DenseNet is a pretty big deal, and I am surprised some version of FCN/U-Net is not there, or siamese networks are not there. Capsules are still quite young and Transformer pretty specific, don't know that they have have a large impact yet.
The SVM one is a little odd I think? Should all linear leaners (including naive Bayes, logistic regression, perceptron and SVM) - not share the same architecture in terms of nodes? As far as I understand it, the difference is rather in how the discriminator is learnt?
I love how they have clearly illustrated how the actual details of nodes themselves can differ greatly between "network types".
As a non-expert I have found this distinction is usually more buried in general descriptions, which tend to initially focus on topology and behaviour. I prefer to know those details upfront so I can then map the behaviour as an emergence as I learn about the behaviour, otherwise when reading about the behaviour it sounds more like magic.
No.
The hard part is how to deploy without cloud and without GPU.

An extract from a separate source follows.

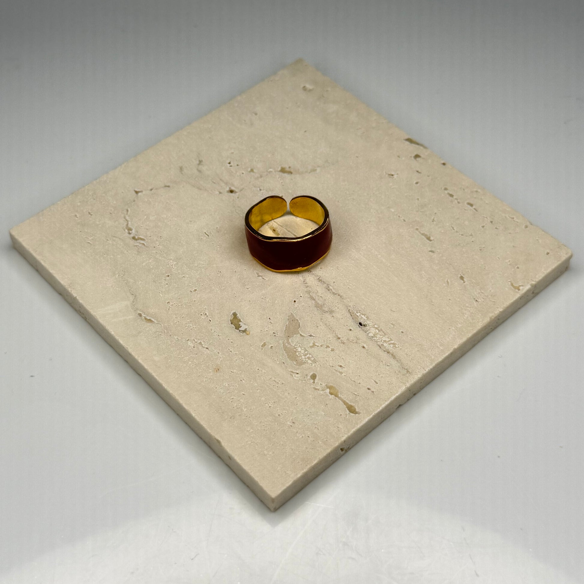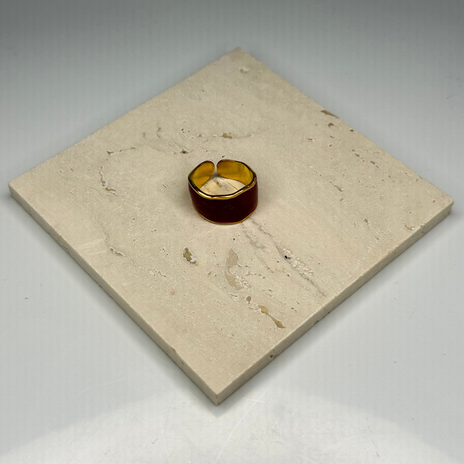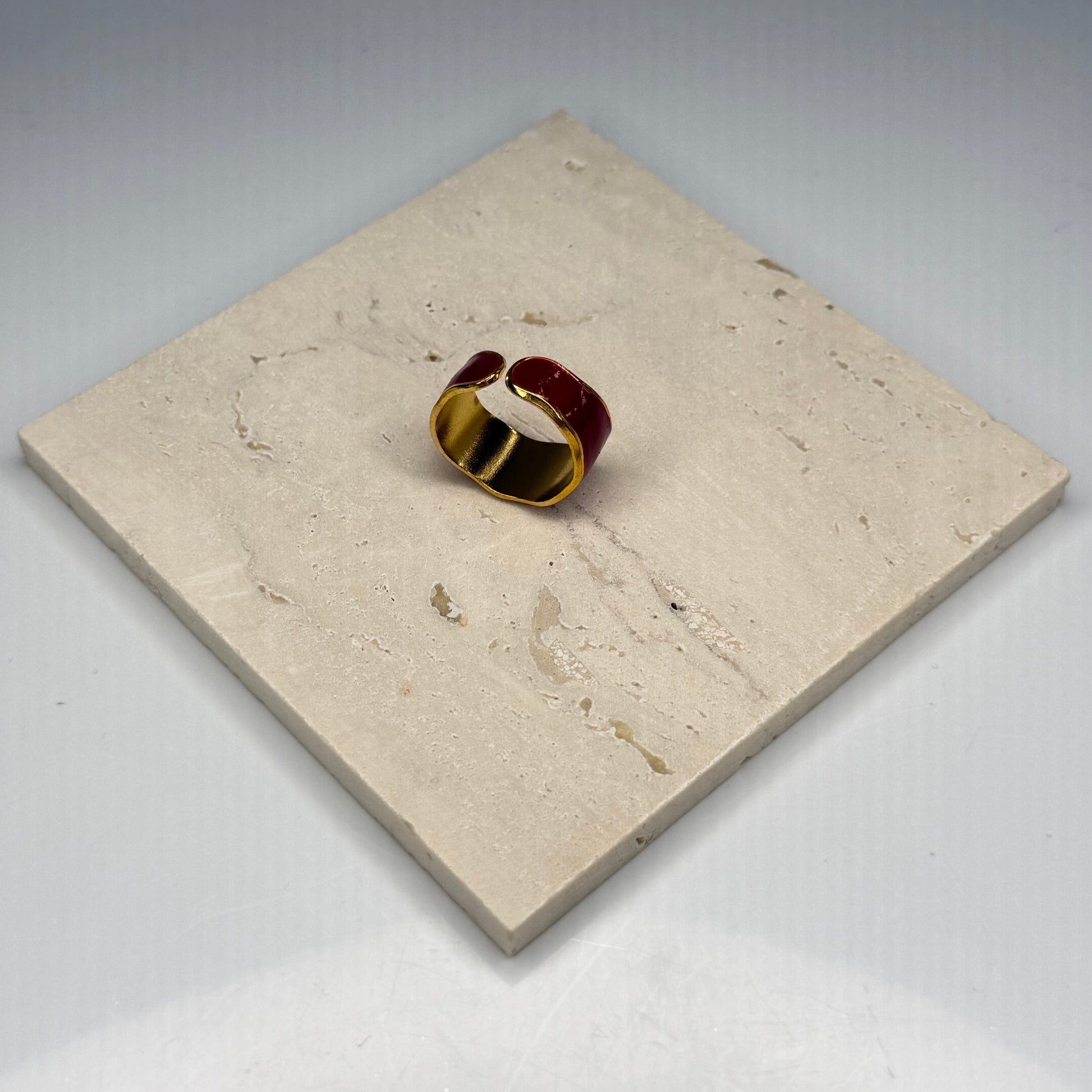 Add a bold pop of color to your style with this Ruby Enamel Band – Gold Plated, featuring a glossy ruby-red enamel finish that wraps smoothly around a polished gold-plated band. The rich enamel hue creates striking contrast against the warm golden shine, giving the ring a modern, eye-catching appeal.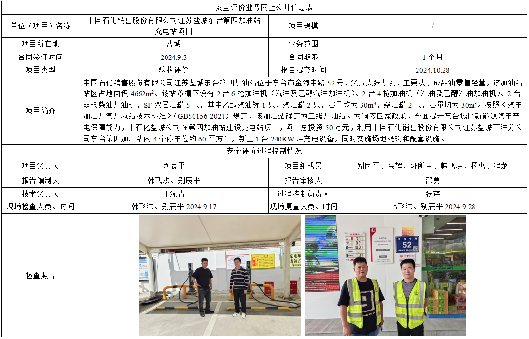 中国石化销售股份有限公司江苏盐城东台第四加油站充电站项目验收评价

Many papers show how to quantize weights from float to binary for super efficient and faster inference, but nobody did open source their deployment ready ARM CPU kernels and FPGA HDL code on how to do so.
What? Surely deployment is by far the easiest part of machine learning? The learning is the hard part. If you are resource constrained, then learning a small/efficient model is even harder, obviously. As for binary math, usually all you need is the standard bitwise operators and popcount.